What is needed. From the line with "16777215 | √ | NULL |" to the line with "گوشواره کریستالی تمام نگین مربعی کد 57", output every line below exactly, both ends included. Skip the pictures.

Data extracts.
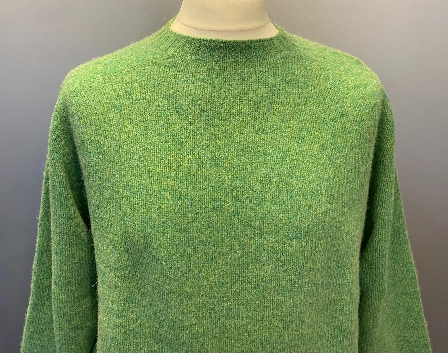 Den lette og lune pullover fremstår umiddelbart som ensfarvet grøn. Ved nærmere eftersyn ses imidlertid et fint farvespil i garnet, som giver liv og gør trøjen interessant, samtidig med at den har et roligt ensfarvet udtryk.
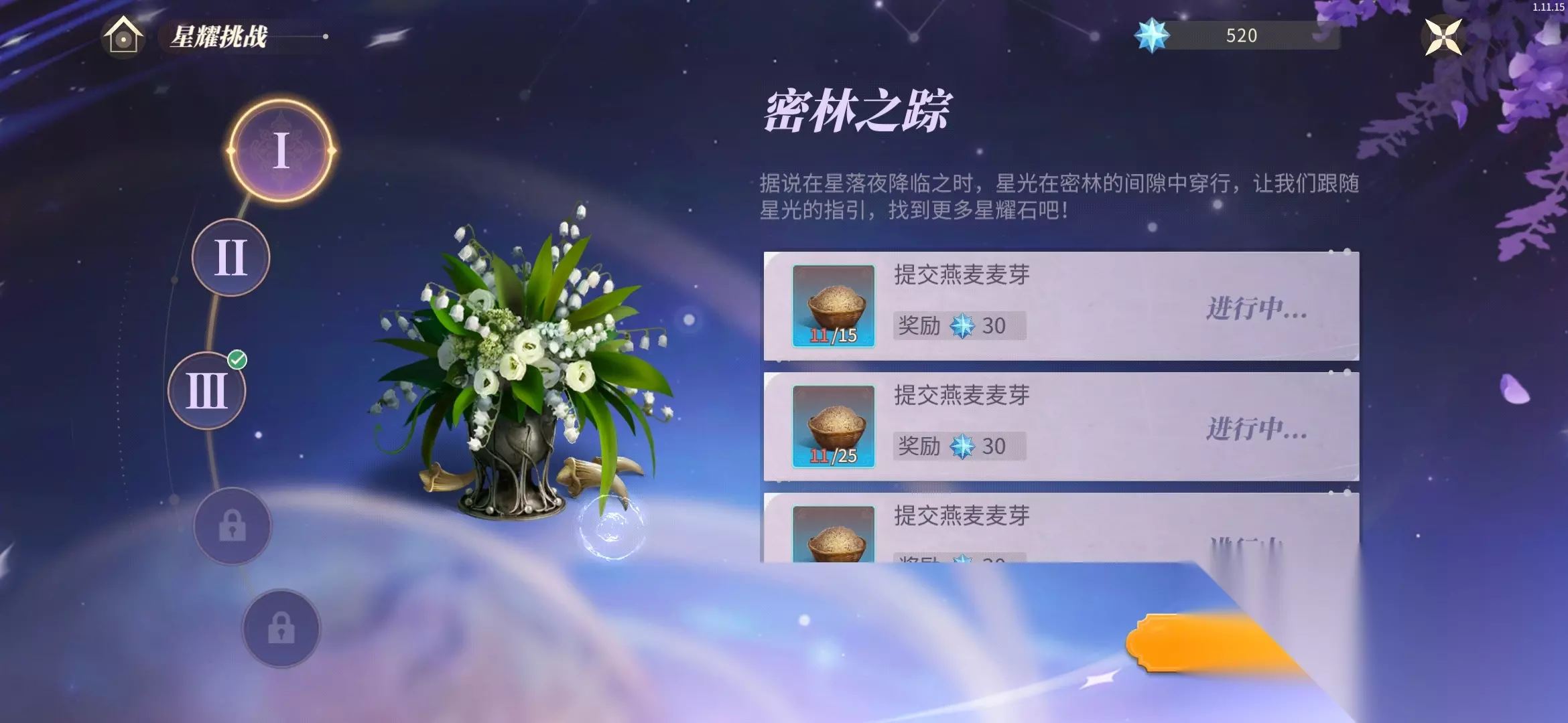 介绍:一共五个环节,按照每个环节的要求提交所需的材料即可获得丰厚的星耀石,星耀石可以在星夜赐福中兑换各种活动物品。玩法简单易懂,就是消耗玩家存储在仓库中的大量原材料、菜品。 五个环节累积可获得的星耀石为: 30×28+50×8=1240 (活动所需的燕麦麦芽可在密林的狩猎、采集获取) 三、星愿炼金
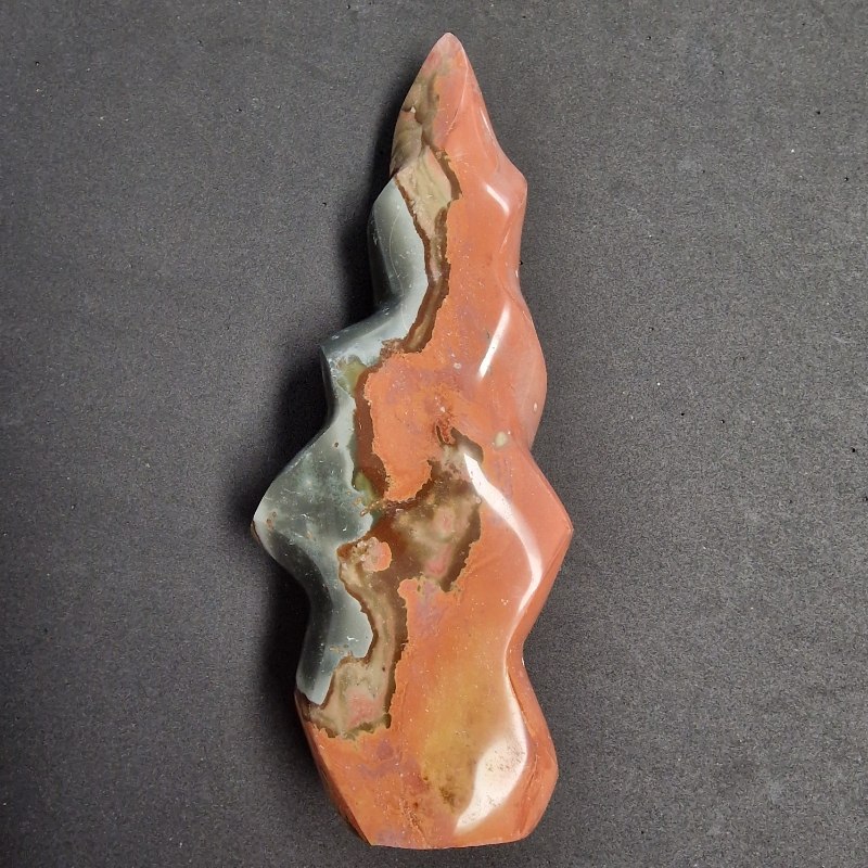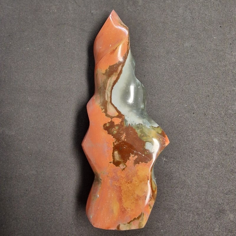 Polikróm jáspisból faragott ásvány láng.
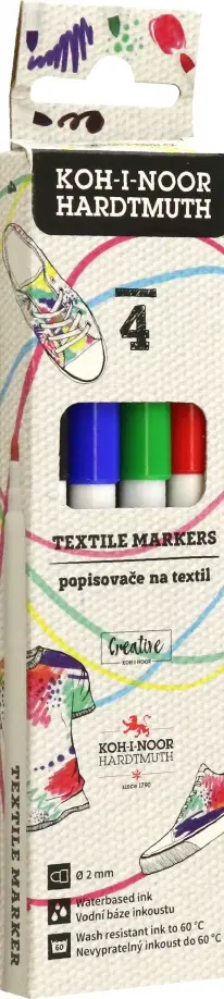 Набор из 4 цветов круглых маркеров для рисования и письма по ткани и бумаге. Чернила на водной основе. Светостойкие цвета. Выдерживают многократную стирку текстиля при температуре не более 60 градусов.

* * *

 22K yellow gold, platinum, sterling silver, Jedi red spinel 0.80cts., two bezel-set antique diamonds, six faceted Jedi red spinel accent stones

--

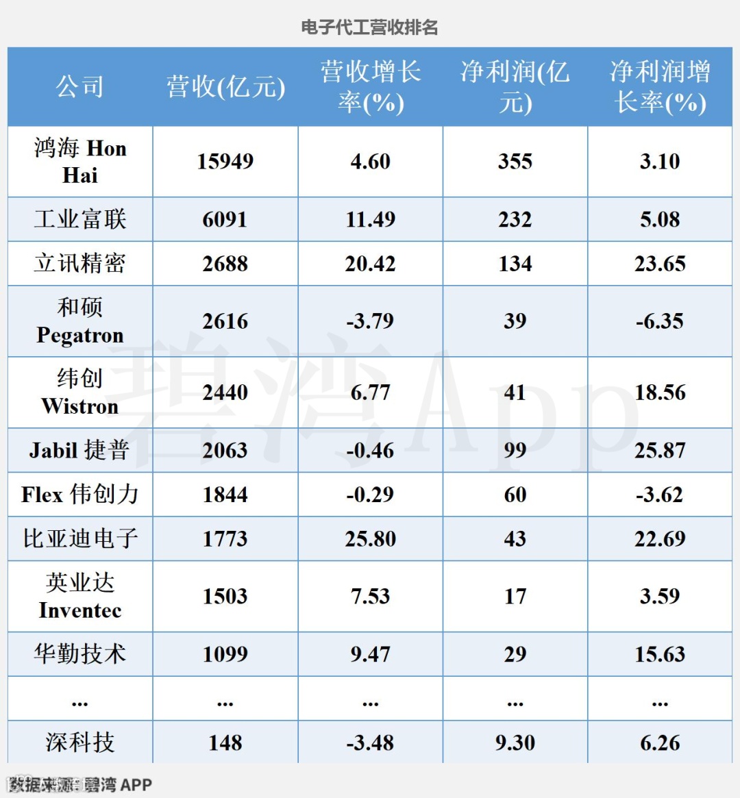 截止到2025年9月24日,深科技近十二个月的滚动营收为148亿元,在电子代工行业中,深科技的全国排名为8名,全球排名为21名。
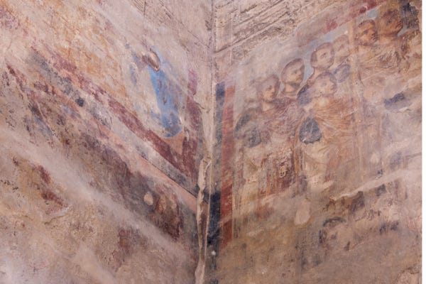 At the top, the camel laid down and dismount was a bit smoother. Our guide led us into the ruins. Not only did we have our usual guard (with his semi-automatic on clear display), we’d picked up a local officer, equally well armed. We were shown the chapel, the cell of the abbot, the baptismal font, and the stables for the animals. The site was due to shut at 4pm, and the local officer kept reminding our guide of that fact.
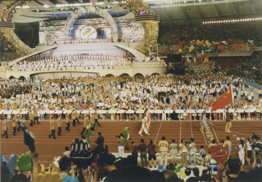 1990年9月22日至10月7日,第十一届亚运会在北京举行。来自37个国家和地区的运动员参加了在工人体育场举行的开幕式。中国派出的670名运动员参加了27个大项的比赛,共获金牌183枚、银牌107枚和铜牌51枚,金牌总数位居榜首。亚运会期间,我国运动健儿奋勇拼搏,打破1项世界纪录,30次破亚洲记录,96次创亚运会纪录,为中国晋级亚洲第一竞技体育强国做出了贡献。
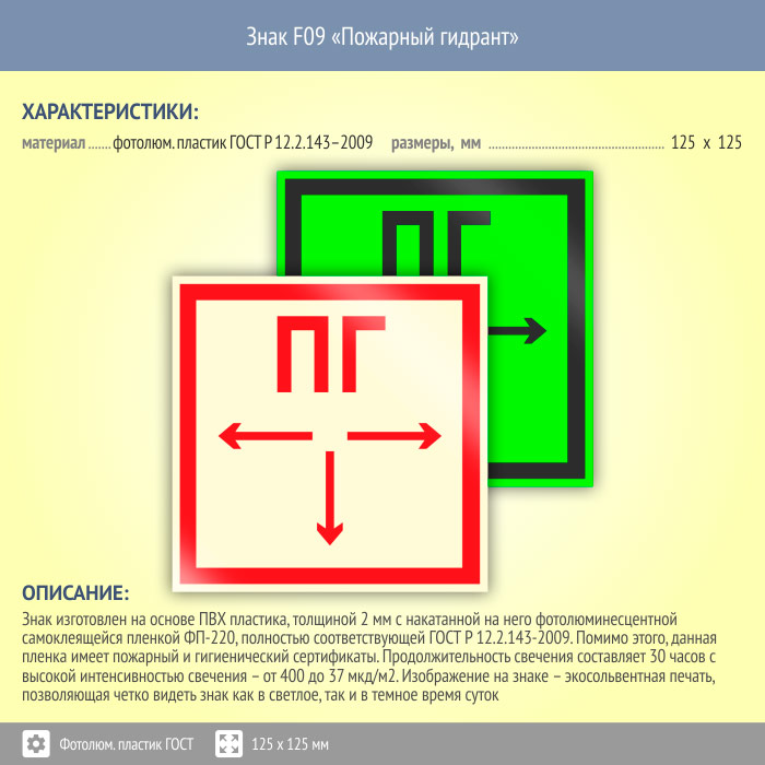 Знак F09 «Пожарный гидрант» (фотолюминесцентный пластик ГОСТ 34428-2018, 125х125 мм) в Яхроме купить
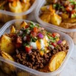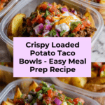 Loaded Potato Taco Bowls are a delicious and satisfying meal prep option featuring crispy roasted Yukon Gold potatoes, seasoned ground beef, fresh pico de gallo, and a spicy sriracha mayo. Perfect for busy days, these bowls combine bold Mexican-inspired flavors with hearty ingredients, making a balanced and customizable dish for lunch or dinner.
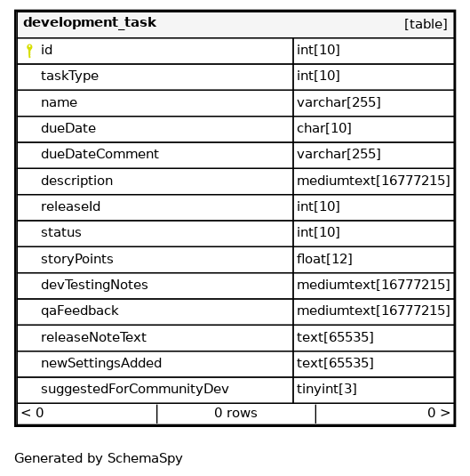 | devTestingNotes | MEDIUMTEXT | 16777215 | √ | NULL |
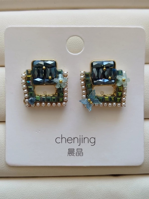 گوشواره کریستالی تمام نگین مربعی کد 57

Answer box.
 | devTestingNotes | MEDIUMTEXT | 16777215 | √ | NULL |
 گوشواره کریستالی تمام نگین مربعی کد 57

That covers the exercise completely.